How will the nuclear race in the Middle East end?

Despite Iran's expected procrastination, some of which is legitimate given recent events and the poor performance of the IAEA Director General, Rafael Grossi, the situation and the pressure on Iran will not subside without the full implementation of IAEA safeguards on Iran’s nuclear programmes. Ahmad Abdel Rahman reports from Egypt.

The US and Israeli attacks on Iran and the targeting of its nuclear facilities have numerous repercussions However, these will depend on the extent of the damage to Iran's nuclear programmes and will only become clear after the evidence and results.

There is no doubt that Iranian losses were much greater than Israel's. We know that Israel deliberately conceals its losses because its ability to withstand the psychological pressure of Israeli society is probably less than Iran’s. Moreover, in the recent attacks on Israel, Iran targeted sites within cities for the first time.

Nonetheless, Israel is still expected to raise questions about Iranian programmes and policies, while reserving the right to take military initiative and target Iranian sites. Israel is creating controlled areas of tension with Iran and in the Middle East, with the aim of maintaining internal unity and Western support for its positions.

Israel will also focus on the issue of uranium enrichment, while addressing various aspects of military capabilities. It will also reserve its right to use force across borders, which has been one of Israel's most significant achievements in recent months, especially since it occurs without accountability from the international community.

What will the US do?

Future US positions remain unclear. If the dangers of the Iranian nuclear programme are eliminated, it is preferable for the US to avoid direct military operations except within the narrowest limits. Israel will maintain the upper hand, with a security arm in the region, while being aware its actions always carry the risk of drawing the US into military confrontation. Important elements to consider when determining Israel's position include ensuring a ban on Iranian nuclear enrichment is in place and providing transparency for the Iranian nuclear programme through extensive inspection procedures and international safeguards.

Iran could do several things, including continuing with uranium enrichment, or handing over highly enriched material. However, Iran considers this would be surrendering to the United States and, according to statements by the Iranian Supreme Leader, rules it out. However, it is not in Iran's interest to enter into another direct military confrontation, given the significant human, material, and political losses it has suffered.
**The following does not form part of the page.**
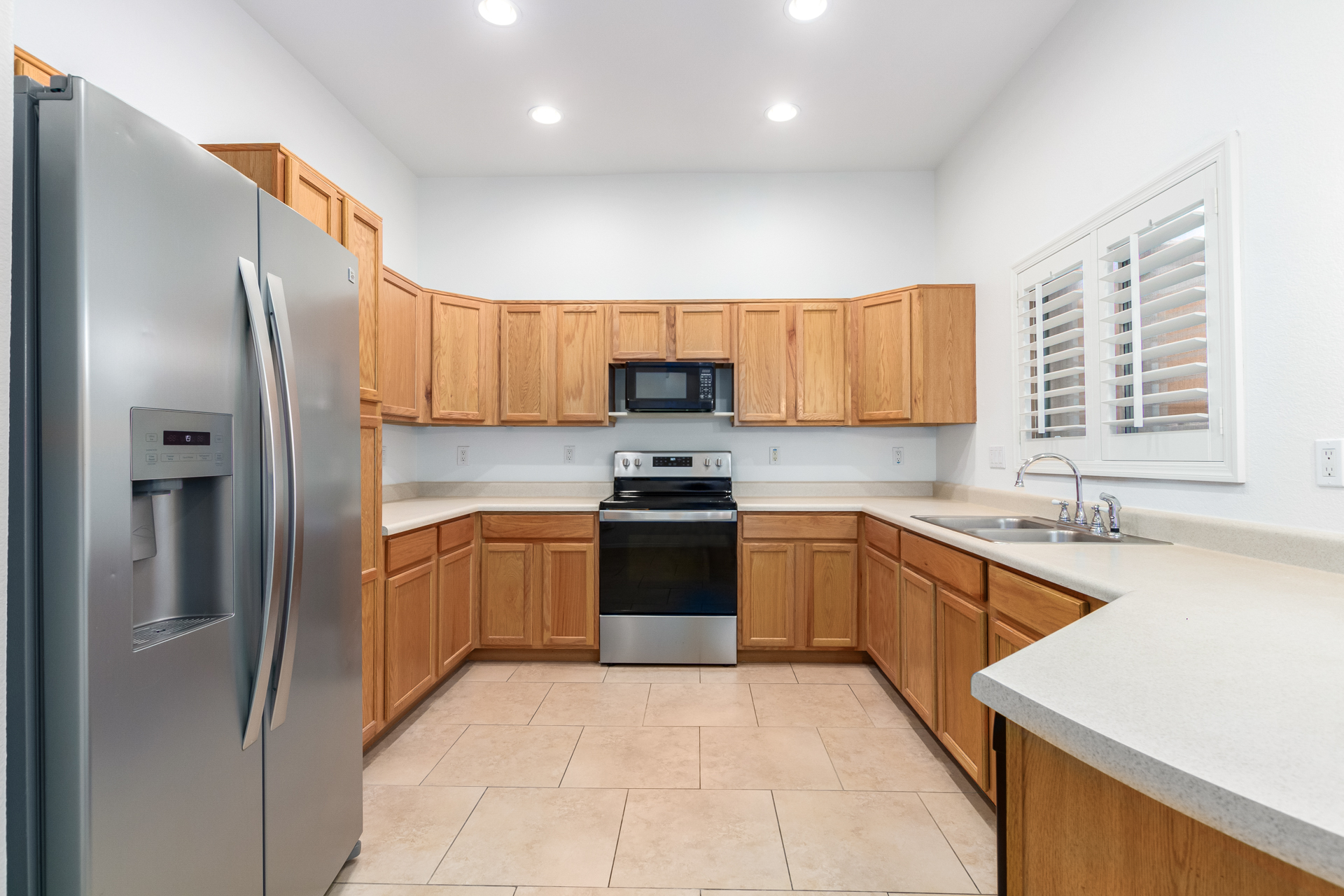 Beautifully updated 3-bedroom, 2.5-bath townhome in the gated Peoria Estates community! This spacious home offers an open floor plan with soaring vaulted ceilings, upgraded window shutters, tile and wood-look flooring throughout, and a convenient main-floor powder room. The kitchen opens to the dining and living areas, making it perfect for entertaining. Upstairs, the primary suite features a dual-sink vanity, large walk-in closet, and plenty of natural light. Enjoy a private backyard with low-maintenance turf and a covered patio, plus a 2-car garage with storage cabinets and a brand-new water heater. Community amenities include a pool and spa just steps away, and the location is unbeatable with quick access to Loop 101, P83 dining and entertainment, and Peoria Sports Complex.

It's only natural for Arab and Gulf states to be concerned about recent events and prepare for various scenarios. These include the possibility of nuclear leaks, hidden military nuclear programmes, or renewed conflicts with Israel and their impact on Gulf security. All these worry the Gulf States. Therefore, they are preparing so they are preparing to confront these possibilities, in terms of developing preventive capabilities, national security, and technology.

These concerns and reviews extend to the countries of the Levant and Egypt, because a military-technological clash between Iran in the Gulf and Israel in northwest Asia would have widespread repercussions in the Levant and North Africa.

Iran’s future

What is certain is that it will be difficult to curb the current Israeli government's aggressive regional outlook. This is made worse by biased American positions. However, it is imperative to attempt to limit the dangers and repercussions of these events by removing the nuclear equation as much as possible from the conflict. This requires addressing the Iranian situation, nuclear threats, and the real obstacle to finding lasting peace in the region, namely Israel. This must be done before matters spiral completely out of control and the region witnesses the growth of hidden military nuclear programmes.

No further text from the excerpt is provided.